§ What you will do
Leaving out the images, repeat all the lines below exactly.

§ Recorded information
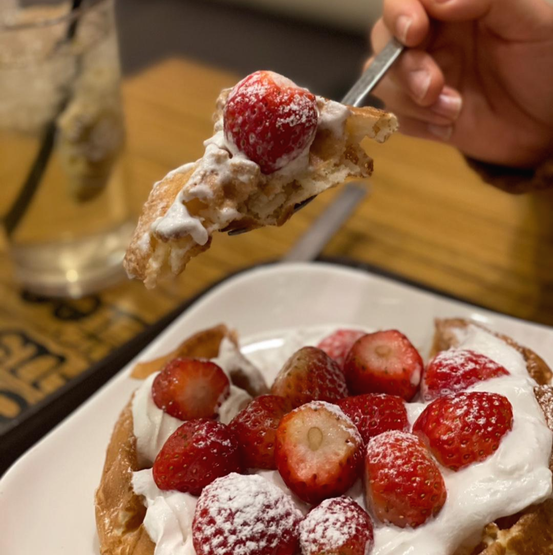 그리고 와플 위에 올라간 크림이 휘핑크림이라 그런가 금방 죽었어요. 생크림인 줄 알았는데.
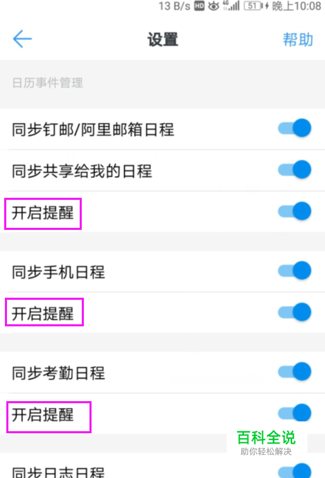 【日历设置】小拇指开启之后,提醒全部都是开着的,如图。
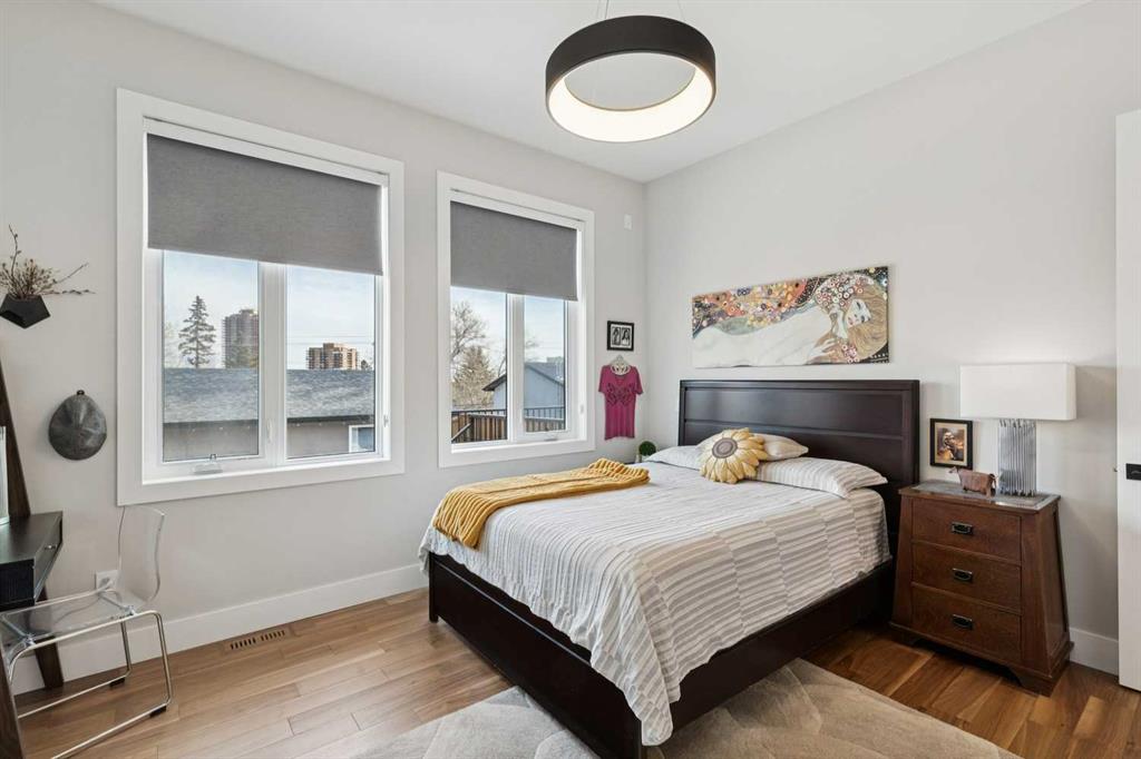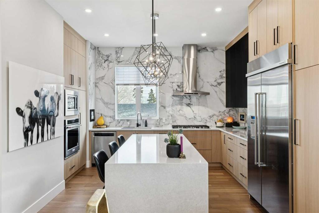 This modern masterpiece has been completely transformed from the foundation up, combining exceptional craftsmanship, custom finishes, and luxurious details throughout. Spanning over 2,900 sq. ft. of thoughtfully designed living space across two levels, with four elegantly appointed bedrooms, this custom bungalow epitomizes refined luxury in the highly sought-after family neighbourhood of Haysboro. Set on an oversized 50’ x 140’ lot on one of the community’s most serene, tree-lined streets, the property includes a triple garage with a fully serviced 839+ sq. ft. workshop/studio above, offering extraordinary potential for a guest house, home office, gym or private studio. The expansive grounds provide privacy, mature landscaping, and generous outdoor entertaining space, rare in inner-city living. Extensive structural enhancements include an extended and raised foundation, creating soaring ceiling heights and expanded square footage on both levels. The sun-filled main floor boasts 10-foot ceilings, walnut hardwood floors, and a sophisticated open-concept layout designed for both everyday living and elegant entertaining. The gourmet designer kitchen features built-in KitchenAid appliances, an oversized 48” refrigerator, full-height porcelain slab backsplash, premium lighting, and flows seamlessly into the living area, anchored by a 42” Napoleon gas fireplace. The main level includes two luxurious bedrooms, each with its own private ensuite, including a serene primary retreat with a spa-inspired 6-piece ensuite, premium fixtures, and a discreet hidden entry to the walk-in closet. A stylish powder room completes the main floor. The fully developed lower level continues the elevated design with 9-foot ceilings, a generous recreation and entertaining area with custom wet bar, and two additional large bedrooms connected by a Jack-and-Jill 5-piece bathroom, ideal for a growing family or private guest quarters. Outdoors, the private, professionally landscaped backyard offers a tranquil oasis, perfect for relaxing or entertaining. Ideally located in Haysboro, the home is steps from parks, playgrounds, walking paths, and green spaces, and minutes from top-rated schools, Chinook Centre, Rockyview Hospital, and major transit routes including LRT access. Quick connections to downtown and major roadways make commuting effortless, while the neighbourhood’s mature trees, strong community spirit, and family-friendly atmosphere enhance long-term desirability. A rare, one-of-a-kind offering, defined by meticulous attention to detail, high-end finishes, sophisticated architectural planning, and an exceptional location. Book your private viewing today!

§ Completed task
 그리고 와플 위에 올라간 크림이 휘핑크림이라 그런가 금방 죽었어요. 생크림인 줄 알았는데.
 【日历设置】小拇指开启之后,提醒全部都是开着的,如图。
 This modern masterpiece has been completely transformed from the foundation up, combining exceptional craftsmanship, custom finishes, and luxurious details throughout. Spanning over 2,900 sq. ft. of thoughtfully designed living space across two levels, with four elegantly appointed bedrooms, this custom bungalow epitomizes refined luxury in the highly sought-after family neighbourhood of Haysboro. Set on an oversized 50’ x 140’ lot on one of the community’s most serene, tree-lined streets, the property includes a triple garage with a fully serviced 839+ sq. ft. workshop/studio above, offering extraordinary potential for a guest house, home office, gym or private studio. The expansive grounds provide privacy, mature landscaping, and generous outdoor entertaining space, rare in inner-city living. Extensive structural enhancements include an extended and raised foundation, creating soaring ceiling heights and expanded square footage on both levels. The sun-filled main floor boasts 10-foot ceilings, walnut hardwood floors, and a sophisticated open-concept layout designed for both everyday living and elegant entertaining. The gourmet designer kitchen features built-in KitchenAid appliances, an oversized 48” refrigerator, full-height porcelain slab backsplash, premium lighting, and flows seamlessly into the living area, anchored by a 42” Napoleon gas fireplace. The main level includes two luxurious bedrooms, each with its own private ensuite, including a serene primary retreat with a spa-inspired 6-piece ensuite, premium fixtures, and a discreet hidden entry to the walk-in closet. A stylish powder room completes the main floor. The fully developed lower level continues the elevated design with 9-foot ceilings, a generous recreation and entertaining area with custom wet bar, and two additional large bedrooms connected by a Jack-and-Jill 5-piece bathroom, ideal for a growing family or private guest quarters. Outdoors, the private, professionally landscaped backyard offers a tranquil oasis, perfect for relaxing or entertaining. Ideally located in Haysboro, the home is steps from parks, playgrounds, walking paths, and green spaces, and minutes from top-rated schools, Chinook Centre, Rockyview Hospital, and major transit routes including LRT access. Quick connections to downtown and major roadways make commuting effortless, while the neighbourhood’s mature trees, strong community spirit, and family-friendly atmosphere enhance long-term desirability. A rare, one-of-a-kind offering, defined by meticulous attention to detail, high-end finishes, sophisticated architectural planning, and an exceptional location. Book your private viewing today!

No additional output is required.